For every book, Standard Ebooks provides a hyperlink to the original scan, a hyperlink to the original transcription, and a full revision history in which all spelling updates have been clearly marked. To me, this already seems to be going above and beyond—most ebook repositories provide less. I can’t imagine that the marginal benefit from keeping multiple parallel branches would be worth the cost in volunteer time and labor, when maintaining pristine first editions isn’t even a goal of the project.


And of course, none of this matters in the slightest for translated works, which almost by definition includes the vast majority of works ever written.

"As it was written" is a very high bar that is simply not attainable for anything other than fairly recent works in your native language.


> I also think some alterations are plain mistakes. For instance in the same book:

That one appears to not be a mistake, [0] suggests that not quoting the name of the book of the bible being referred to (so [Job] rather than ["Job"]) is the style accepted by Chicago, MLA, and APA.

[0] https://en.wikipedia.org/wiki/Bible_citation#Common_formats


I respect their choice too, but like you the reason for my question was that I feel I can't trust the end product. Alex said "We only make sound-alike changes, like to-morrow -> tomorrow", which I could just about get along with, but Mahomet -> Muhammad creates an entirely different flavour for me. As Alex said, that's fine, in that it doesn't mean the other editions aren't available, but it is a shame for me when I essentially don't want to use something that has been put together so painstakingly.


I'm disappointed to learn of this editing in Standard Ebooks, having had the misfortune to buy a Barnes & Noble copy of the complete Sherlock Holmes that had a similar approach taken. Book looks lovely, but has an altered chapter order, Americanised spellings and lots of typos. There is a certain amount of editing needed to render the likes of Shakespeare and Samuel Pepys readable, as Middle/Old English is quite a different language, but slight variants from 150ish years ago, or dialects, or the correct spelling according to the Queen's English, add flavour and should not be altered.


That's fine! Our editions didn't erase any of the other editions you can find online and in print. You're more than welcome to select any edition that fits your reading preferences.

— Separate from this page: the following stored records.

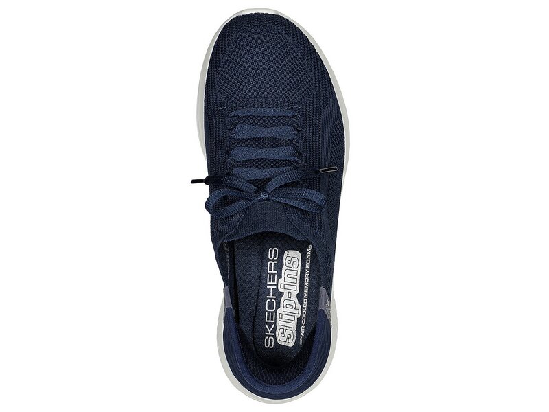 TOUCHLESS FIT[trademark]: So einfach wie mit den Skechers Hands Free Slip-ins[trademark] : Ultra Flex 3.0 - Brilliant Path war Anziehen noch nie. Mit einem einzigartig geformten Fersenpanel. Dieses Modell verfügt über ein Stretch Fit[registered]-Obermaterial aus technischem Gewebe mit Deko-Schnürsenkeln, ein Ankle Pillow[trademark] für zusätzlichen Komfort sowie eine gepolsterte Skechers Air-Cooled Memory Foam[registered]-Innensohle.
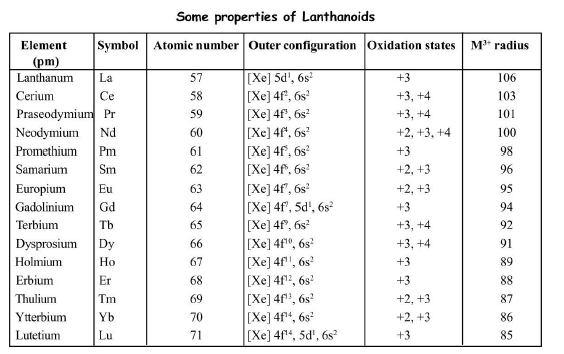 (i) It is to be noted here that filling of `4f` orbitals in the atoms is not regular. A `5d` electron appears in gadolinium (`Z= 64`)with an outer electronic configuration of `4f^7 5d^1 6s^2` (and not `4f^8 6s^2` ). This is because the `4f` and `5d` electrons are at about the same potential energy and that the atoms have a tendency to retain stable half filled configuration.
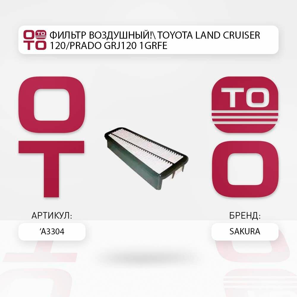 Фильтр воздушный toyota ( тойота ) land cruiser ( ленд крузер ) 120/prado grj120 1grfe \ Sakura A3304, A3304, A3304 информация:
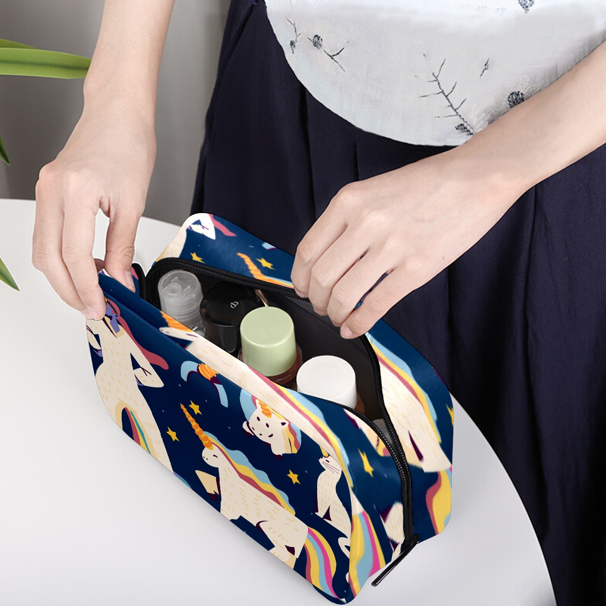Cosmetic Bag for Women Girls Trave Makeup Bag Toiletry Case Pouch Accessories Organizer Funny Cartoon Wannabe Unicorn Cat Horse

Apologies if that came across as at all critical. Genuinely interested in the rationale rather than it being a how-dare-you demand for you to explain yourself!

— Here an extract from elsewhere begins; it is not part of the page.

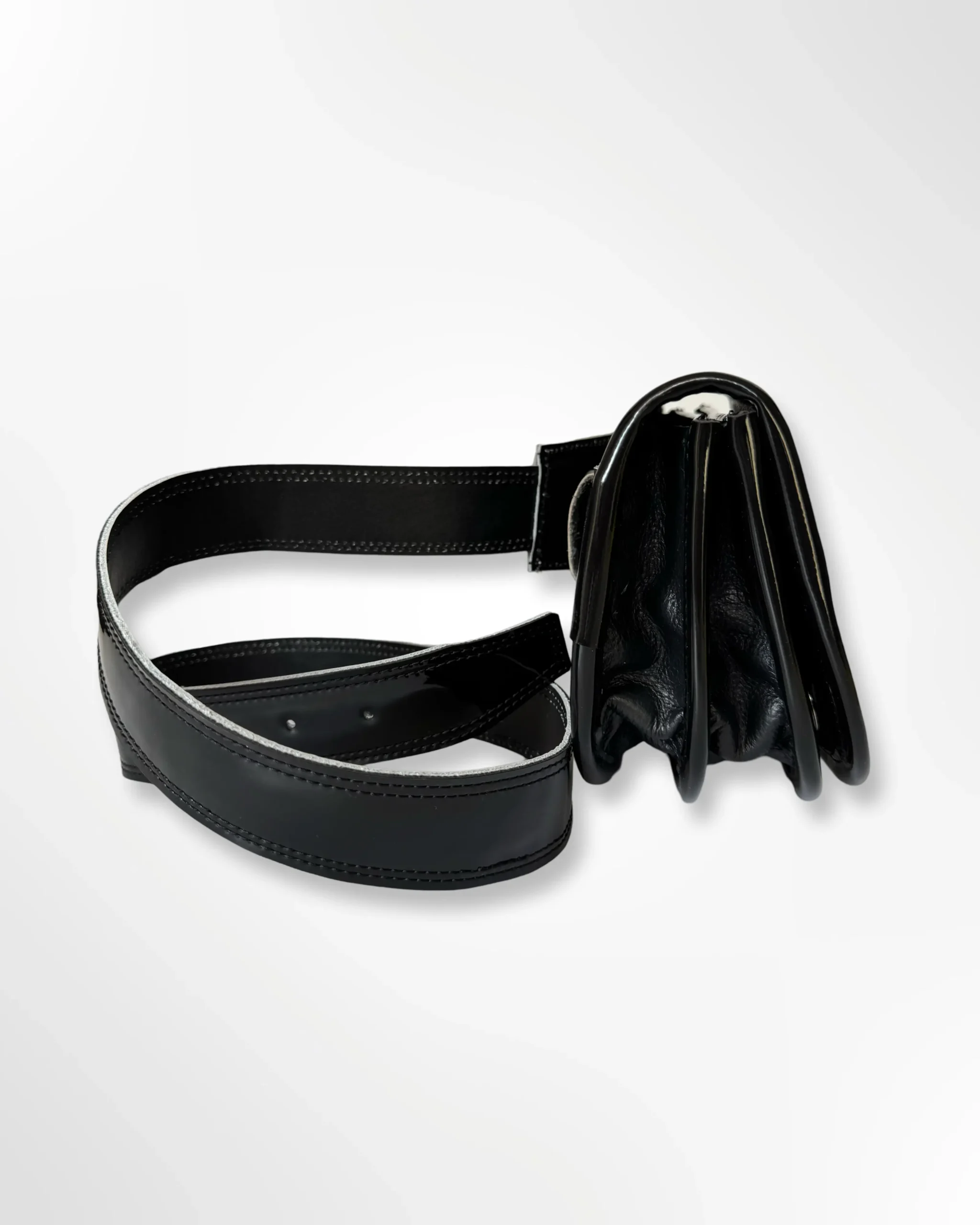 Riñonera tradicional tipo carriel antioqueño todo negro con lengüeta en cuero

Spelling varies widely across the eras our ebooks were published in. Therefore we attempt to standardize spelling to what a modern reader might be familiar with. We only make sound-alike changes, like to-morrow -> tomorrow.

This is a common practice that editors and publishers have quietly engaged in for centuries. For example, today you are not reading Shakespeare in the way it was spelled in its first printing.


A wonderful project!

After reading this comment I couldn't help but picture medieval monks, toiling away copying old manuscripts into "modern" English. Normally a thankless task, so thank you!


And you're for sure not speaking it like he would have


Is there epub-specific html markup you could add to changed words to indicate their original spelling? Like alt text for images, but in a span around a word? There's the html "title" attribute, of course, which would work (mouseover shows the title attribute's value), but that isn't semantically correct for the purpose.


No, there are too many things to track, but all of it is in the git history. Editorial changes have a commit message prefaced with [Editorial].


Fair enough - thanks for the explanation.


> For example, today you are not reading Shakespeare in the way it was spelled in its first printing.

However, we call modernised Shakespeare “abridged”.


Abridged means shortened, not modernized.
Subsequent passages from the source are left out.